Following her relocation from Philadelphia to San Francisco, Williams was introduced to the great Mary Lou Williams. Buoyed up by the elder pianist's advice ("Don’t ever let anyone stop you"), she emerged as a strident, public critic of her scene: of the meagre pay, the jazz "old boys' network," the "scene networking" – namely smoking and drinking as the main method of getting gigs – and of a corporate industry riding on the coattails of artists in need.

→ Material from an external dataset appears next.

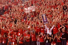 With a buck-twenty remaining on the clock, the Cougars move the ball on three short passes to their own 34. On fourth-and-1, Hill runs right, then left, then right, then left, serpentining 66 yards down the field, to the Ute 30, the 20, the 15, the 10 … and, at the 5, he hurdles over Eric Rowe and into the end zone for the game-winning touchdown as time runs out.
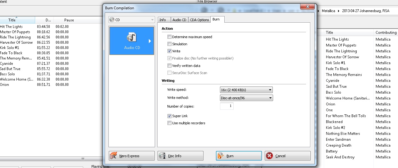Non ho mai masterizzato un CD audio, ma adesso ho provato a masterizzarne un paio, usando Nero.

"I am continually disappointed at the reality of the ‘jazz world’ and its inability to coordinate, express, and advocate for a set, any set, of fundamental principles," she wrote in the sleeve text to her 2008 release Deep Monk. In the same vein, the writing on her blog was broad in scope, honest, decidedly ideological and feminist, though she infrequently addressed her experiences as a transgender woman. As one critic noted: "To add to the sexism … that chased her from her desired musical domain for a period, imagine what kind of terrible treatment she must have faced as a trans woman in the jazz scene of the early 80s."

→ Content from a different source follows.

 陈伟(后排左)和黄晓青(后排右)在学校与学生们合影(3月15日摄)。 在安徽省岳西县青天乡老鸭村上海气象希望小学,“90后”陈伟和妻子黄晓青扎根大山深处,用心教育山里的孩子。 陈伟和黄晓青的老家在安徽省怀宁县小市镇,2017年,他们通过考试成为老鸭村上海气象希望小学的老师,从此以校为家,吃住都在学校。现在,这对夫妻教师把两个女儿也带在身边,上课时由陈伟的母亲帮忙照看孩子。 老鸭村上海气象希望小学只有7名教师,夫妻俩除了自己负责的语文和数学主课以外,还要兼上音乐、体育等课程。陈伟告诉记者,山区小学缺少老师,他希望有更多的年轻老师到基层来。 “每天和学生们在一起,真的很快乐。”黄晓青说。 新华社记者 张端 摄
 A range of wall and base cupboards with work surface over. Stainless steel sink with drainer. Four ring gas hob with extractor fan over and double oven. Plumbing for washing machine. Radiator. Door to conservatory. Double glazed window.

The Path to Self-Sufficiency

The artist's trajectory evolved into self-sufficiency. After time in the active Bay Area scene, she relocated to smaller cities such as Sacramento and Santa Cruz, settling in Portland in 1991, and later relocating to an even quieter place, to Yakima, Washington State, in the 2010s. Williams recognized early the huge potential of the internet

Leslie Kirby
Leslie Kirby

A passionate mountaineer and landscape photographer who documents high-altitude expeditions and shares insights on sustainable outdoor exploration.